━━━━━ Given data

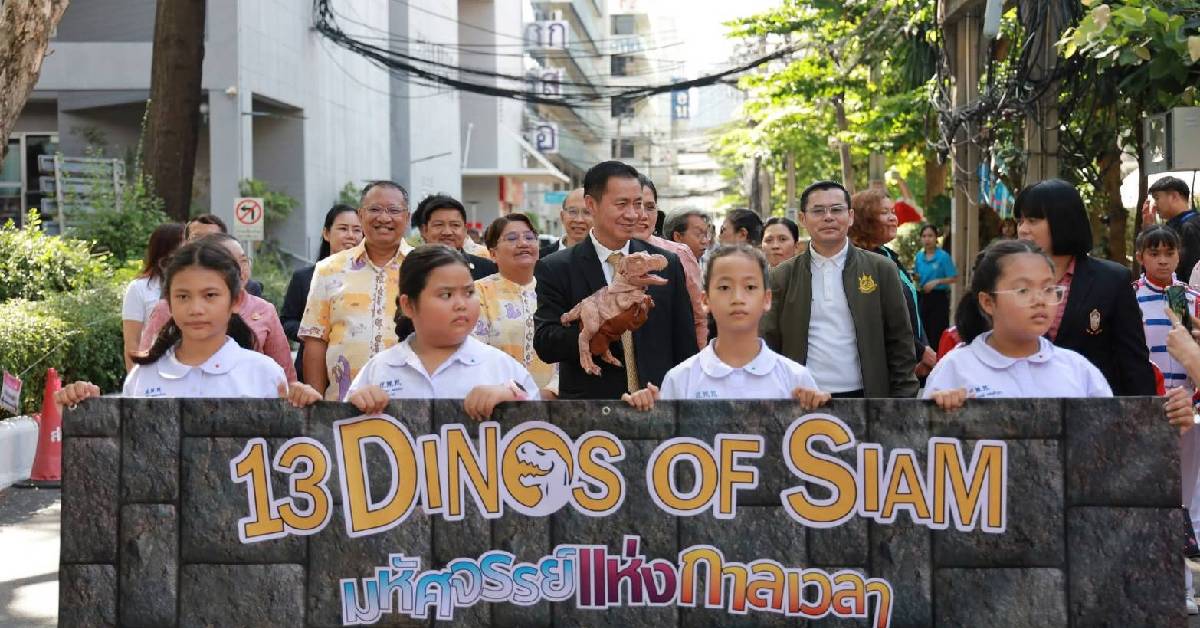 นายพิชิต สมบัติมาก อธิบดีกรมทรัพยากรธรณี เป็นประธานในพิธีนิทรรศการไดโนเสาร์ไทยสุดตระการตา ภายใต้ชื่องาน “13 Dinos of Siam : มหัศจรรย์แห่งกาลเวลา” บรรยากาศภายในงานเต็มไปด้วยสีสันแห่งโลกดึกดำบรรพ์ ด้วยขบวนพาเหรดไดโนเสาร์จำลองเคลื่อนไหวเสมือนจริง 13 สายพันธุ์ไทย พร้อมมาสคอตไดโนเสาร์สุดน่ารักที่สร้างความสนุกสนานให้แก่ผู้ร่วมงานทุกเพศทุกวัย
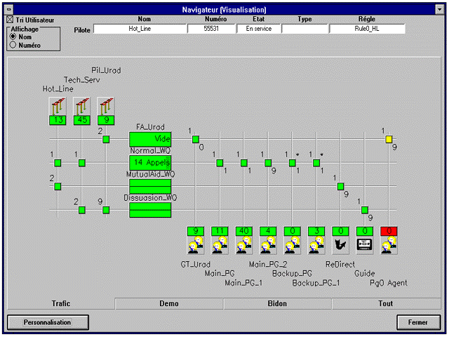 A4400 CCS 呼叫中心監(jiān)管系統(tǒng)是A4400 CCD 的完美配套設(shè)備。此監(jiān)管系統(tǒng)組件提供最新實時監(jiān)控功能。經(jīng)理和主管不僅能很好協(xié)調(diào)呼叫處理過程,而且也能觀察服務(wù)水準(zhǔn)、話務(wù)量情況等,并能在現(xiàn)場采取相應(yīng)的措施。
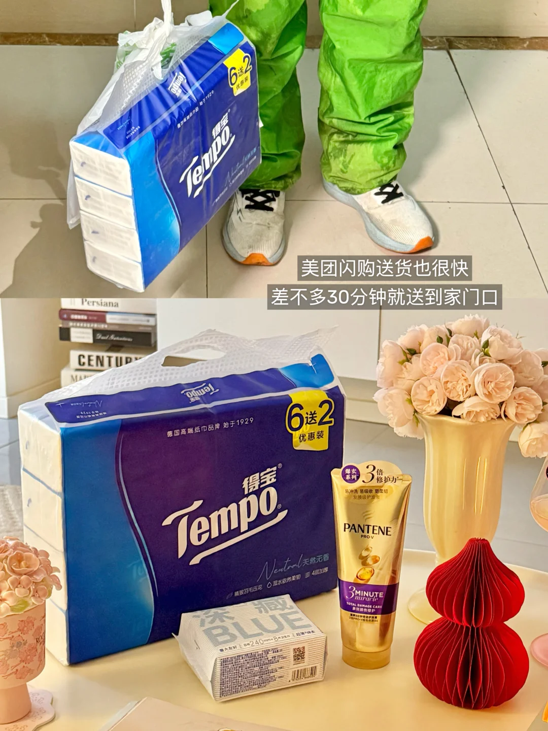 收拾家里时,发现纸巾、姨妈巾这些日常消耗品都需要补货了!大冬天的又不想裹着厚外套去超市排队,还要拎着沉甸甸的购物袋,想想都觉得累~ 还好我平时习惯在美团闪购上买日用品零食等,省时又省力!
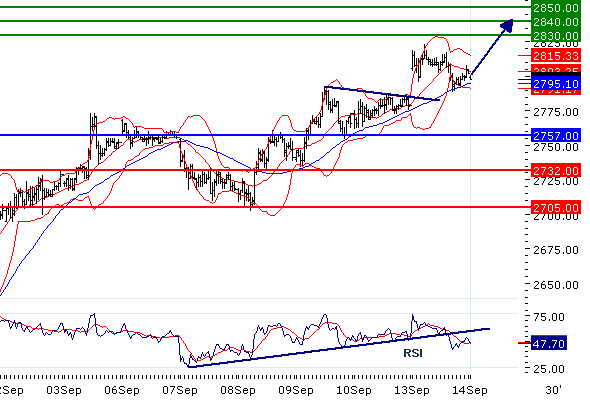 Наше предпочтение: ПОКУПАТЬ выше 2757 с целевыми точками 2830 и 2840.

━━━━━━━━━━

## Problem requirements:
From the line that contains "A4400 CCS 呼叫中心監(jiān)管系統(tǒng)是A4400" to the end of the material above, output every line exactly, both ends included, but leave out any pictures.

## Answer to this task:
 A4400 CCS 呼叫中心監(jiān)管系統(tǒng)是A4400 CCD 的完美配套設(shè)備。此監(jiān)管系統(tǒng)組件提供最新實時監(jiān)控功能。經(jīng)理和主管不僅能很好協(xié)調(diào)呼叫處理過程,而且也能觀察服務(wù)水準(zhǔn)、話務(wù)量情況等,并能在現(xiàn)場采取相應(yīng)的措施。
 收拾家里时,发现纸巾、姨妈巾这些日常消耗品都需要补货了!大冬天的又不想裹着厚外套去超市排队,还要拎着沉甸甸的购物袋,想想都觉得累~ 还好我平时习惯在美团闪购上买日用品零食等,省时又省力!
 Наше предпочтение: ПОКУПАТЬ выше 2757 с целевыми точками 2830 и 2840.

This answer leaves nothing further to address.